Being a hotspot of laser research field, optically pumped alkali vapor lasers(OPALs) have been developing rapidly in recent years. They have the advantages of both solid lasers and gas lasers, and possess some desirable features such as the good thermal management, the narrow line width, the high beam quality and etc.. OPALs could find many potential applications in laser cooling, directed energy transmission, material processing and military defense and so on. During the past decades, scientists deeply carried out many experimental and theoretical researches on optical pumped alkali vapor lasers and gained some desirable results. However, there is still a lack of theoretical researches related to the mismatch of cavity mode and pumped laser beam as well as the optimization of laser cavity.

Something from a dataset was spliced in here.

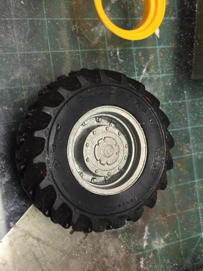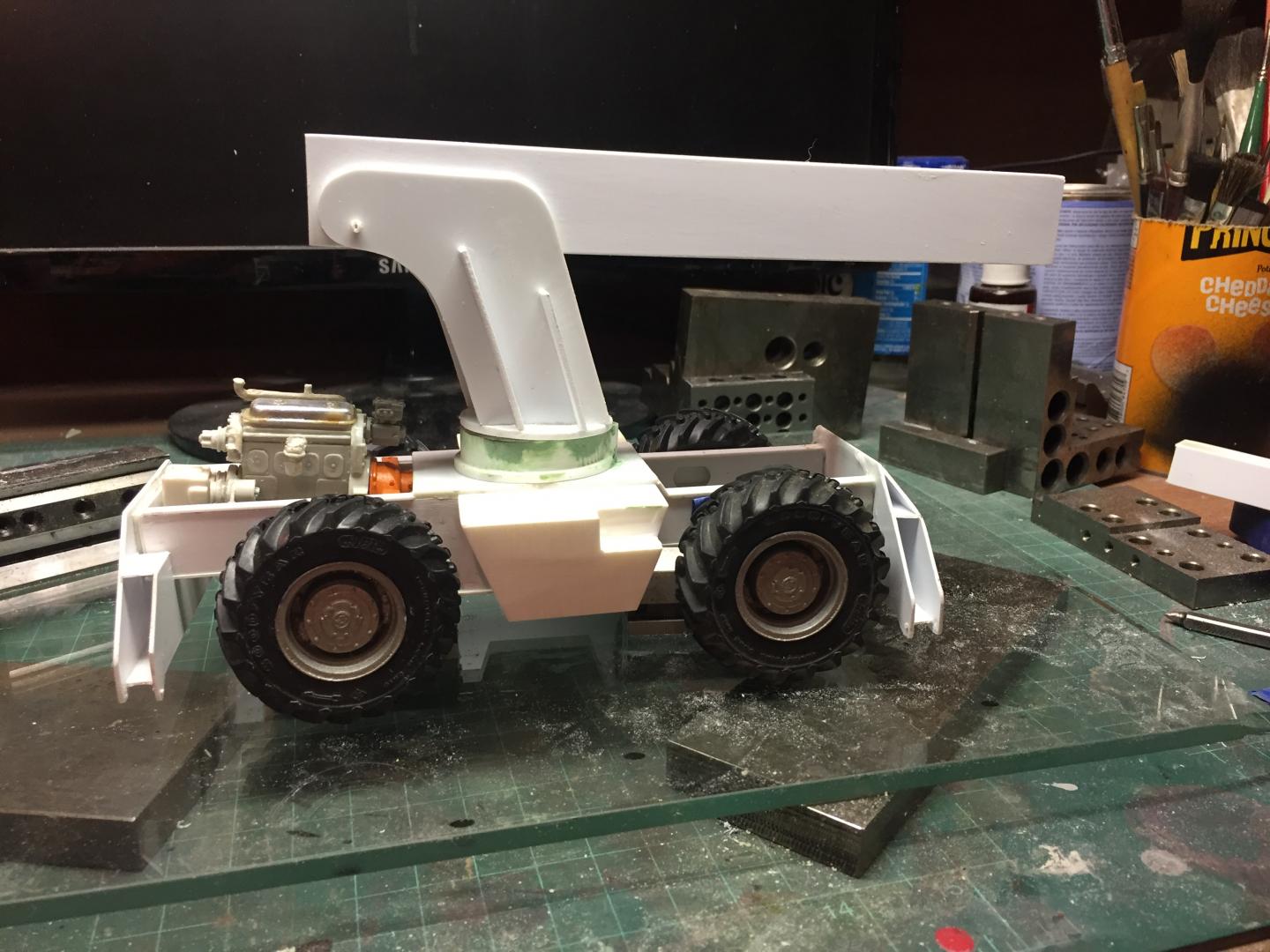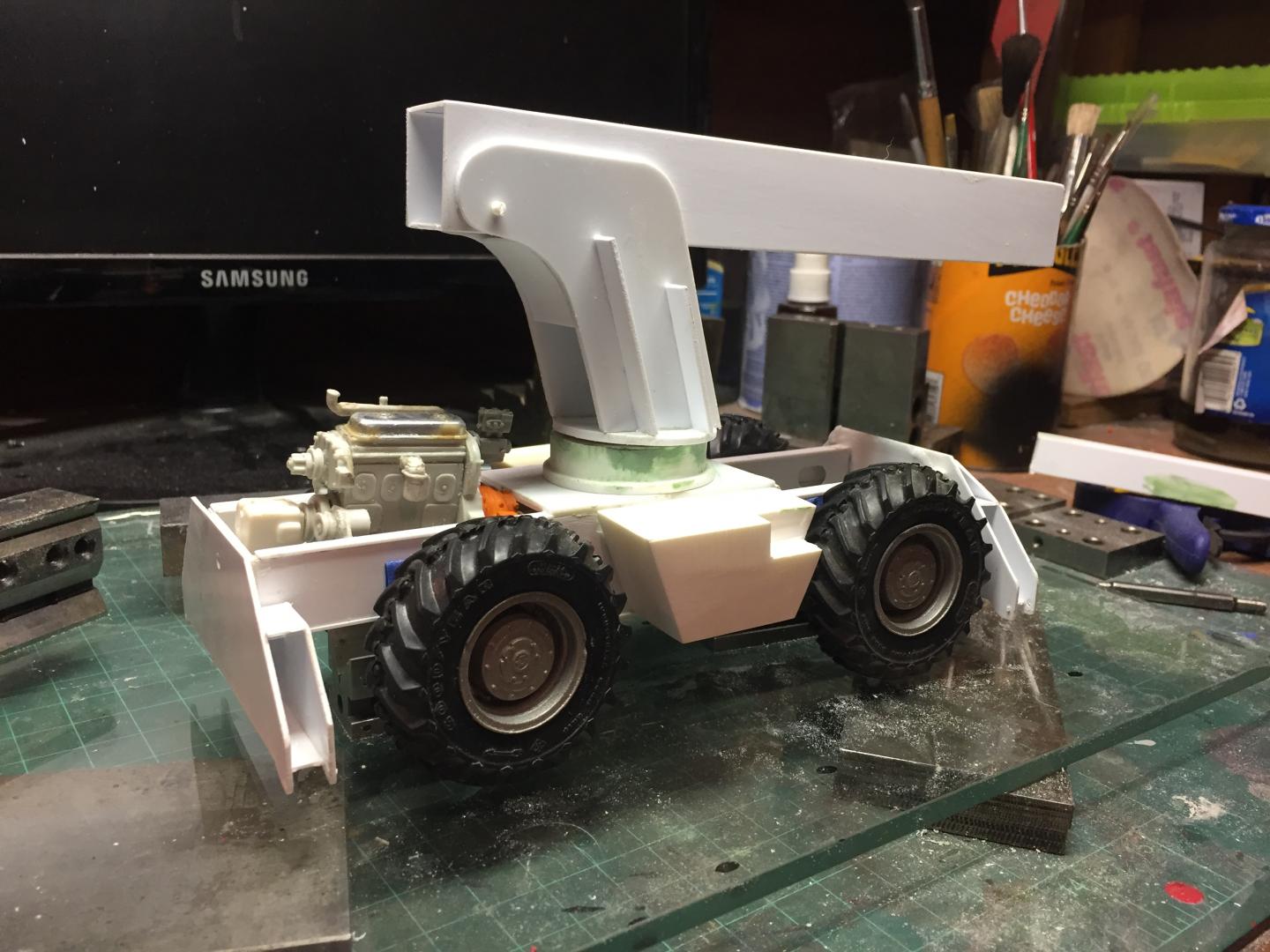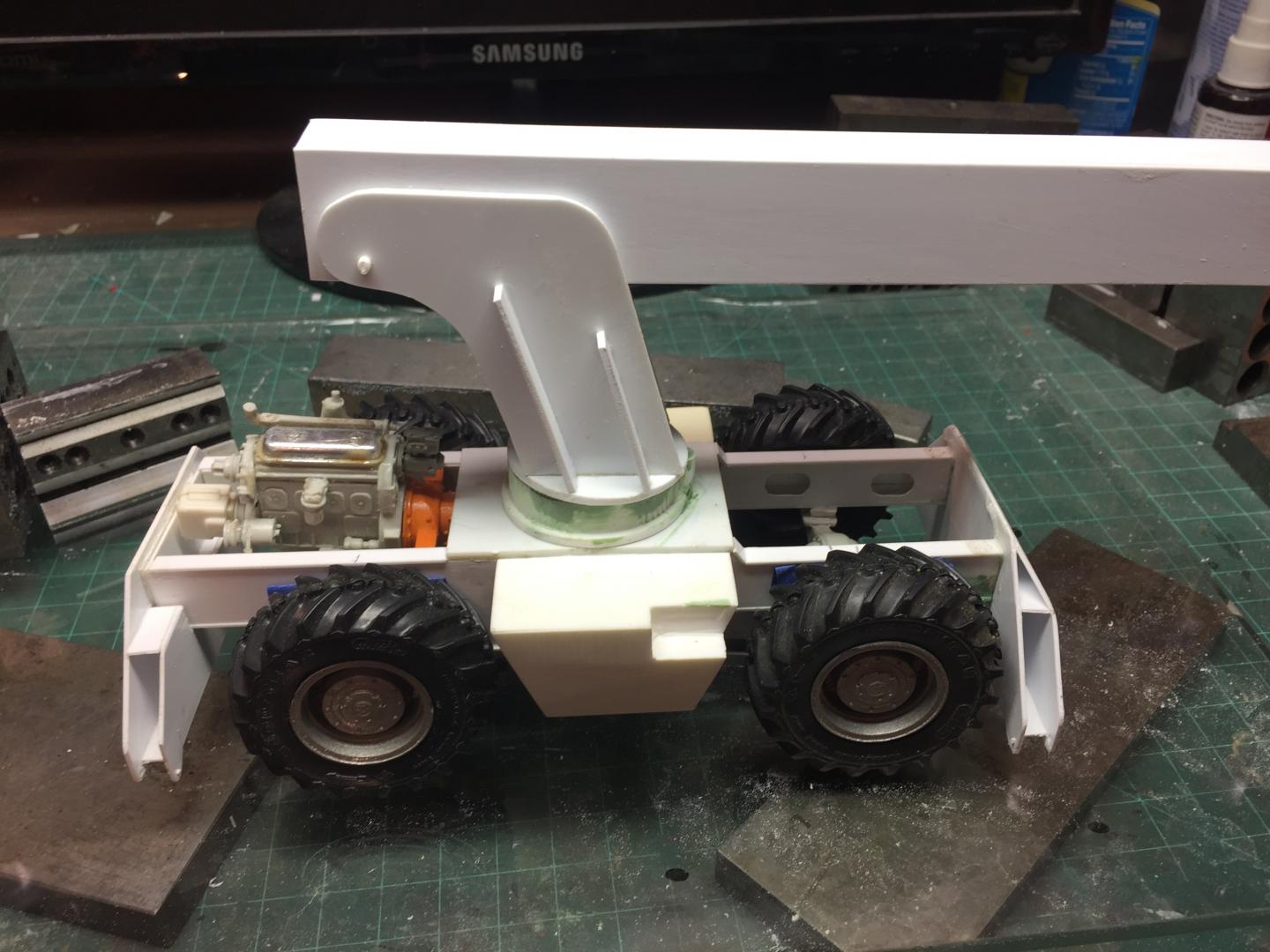 Got a couple of hours today to cut some styrene....................made the front and rear outrigger structures, did some body work on the turntable, got the left side tank/toolbox made and installed, and made the front and rear axle mounts. The rear is a rubber block type, while the front is a solid mount. Attached the two drive axles, and did a quick mock-up with the tires and wheels as shown. Still have to make drive hubs for the wheels, but it is starting to get "the look". I will be attacking the boom assembly next, and then all of the hydraulic cylinders for the boom, steering and outriggers. Thanks for stopping by!
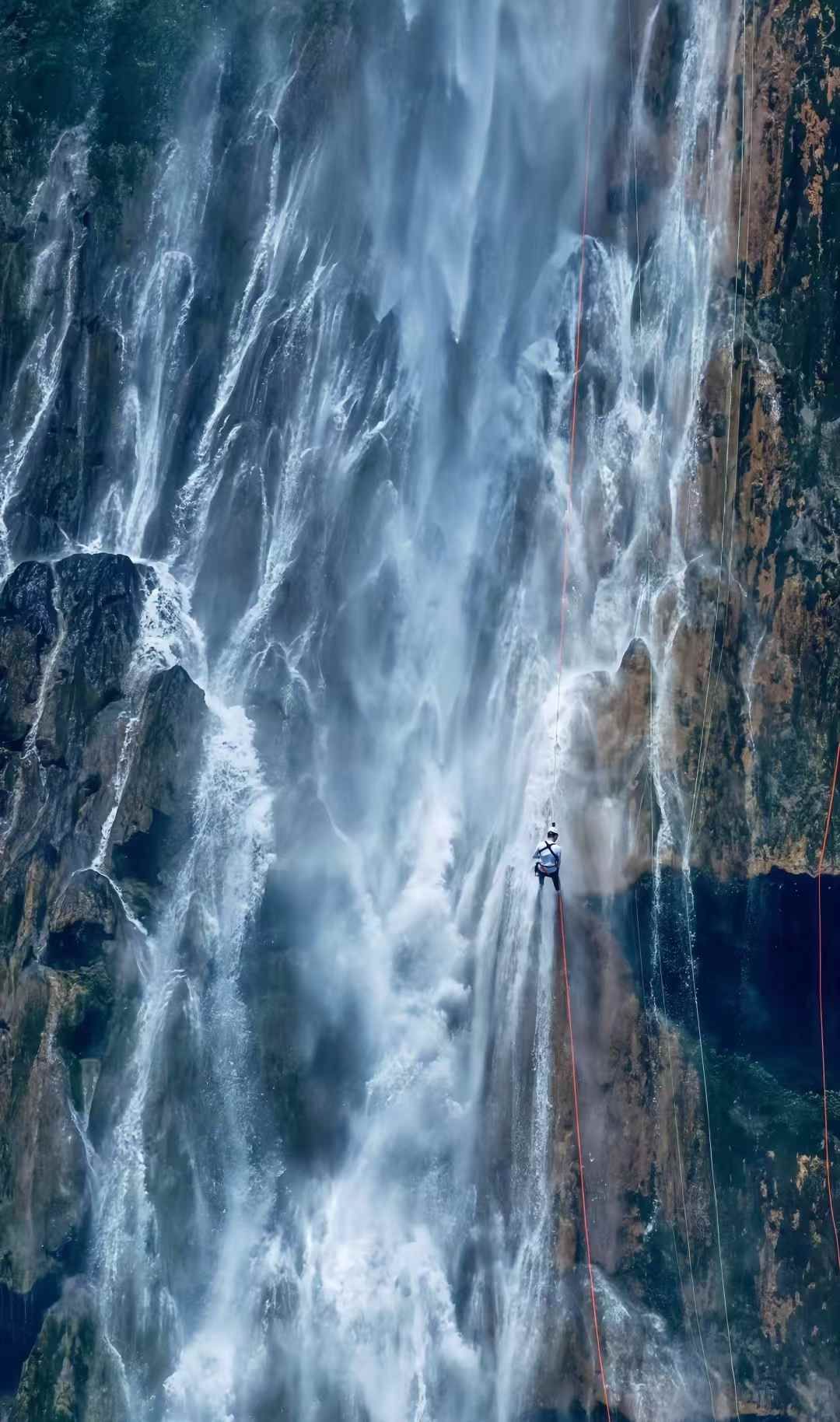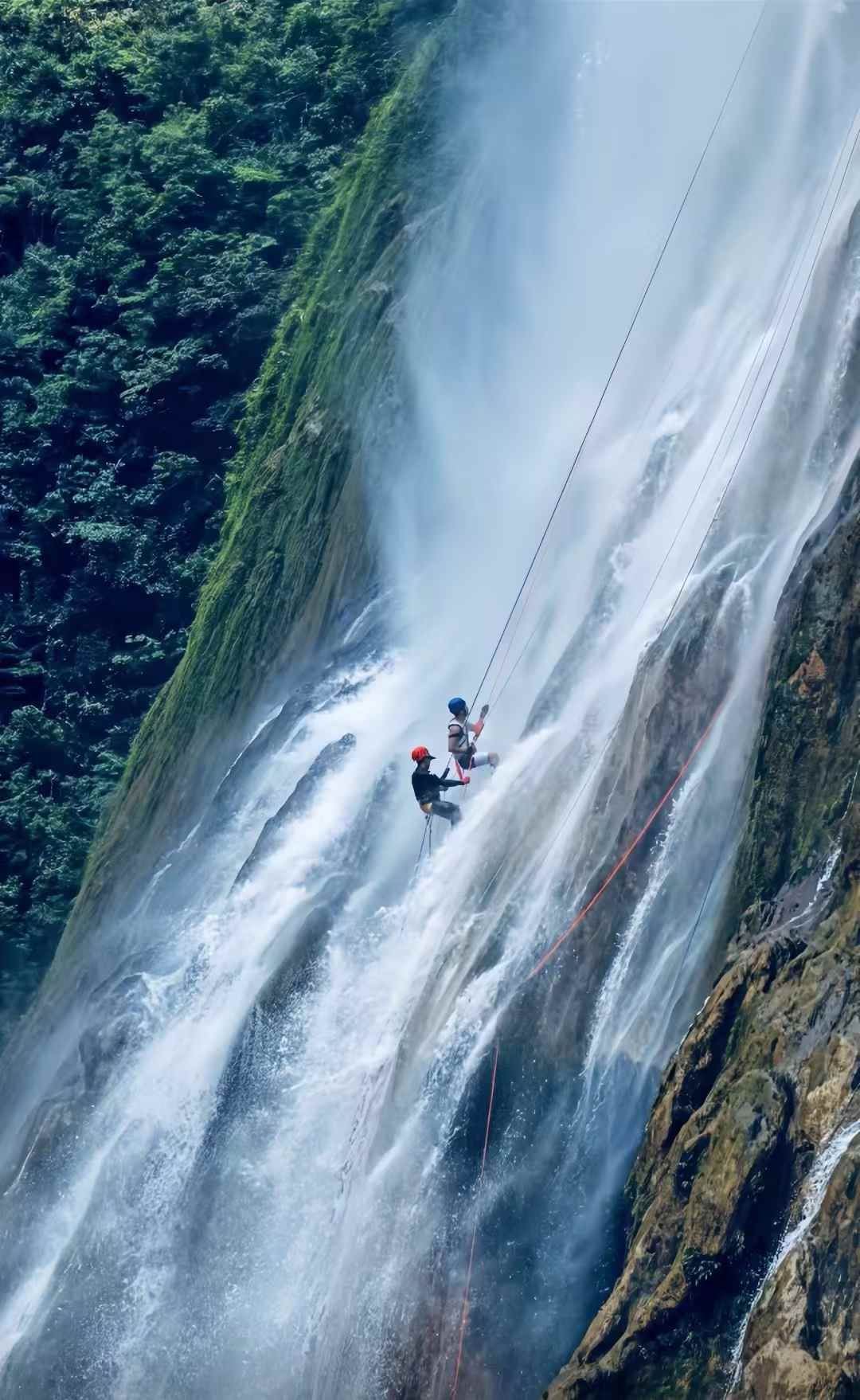 瀑降,就是沿着瀑布从高处往下降落。这项运动结合了攀岩、速降等多种技能,是一项极具挑战性的户外运动。贵州黄平野洞河景区,120米高的飞水崖瀑布飞泻而下,极具视觉冲击力和挑战性。

So, it is significant to do the research on the design and the optimization of the optical cavity for improving the output performance of OPALs.This paper aims to design and optimize the parameters of the stable laser cavity with a flat and a concave mirrors according to the various laser cavity structures reported in the experimental design of optically pump alkali vapor lasers. Gaussian beam is used to describe the transmission of pump light and laser beam in the optical system, a brief physical model is established to analysis the parameters of the stable resonant laser cavity by taking the flat-concave cavity as a confocal cavity. By deeply analyzing the kinetic model on OPALs and the simulation results, we find the relationship of the optical cavity parameter with the slope efficiency to evaluate the performance of optically pumped alkali vapor lasers. Considering the difference of pump and laser beam radius in the cavity, we redefine the mode matching coefficient. Taking longitudinally pumped Cs vapor laser for example, we analyze influences of some parameters of the pump light, the coupling lens, the alkali vapor cell, the optical cavity to the mode matching coefficient. The results provide a theoretical way for optimizing the design of various laser cavities and improving the output performance of optically pumed alkali vapor lasers.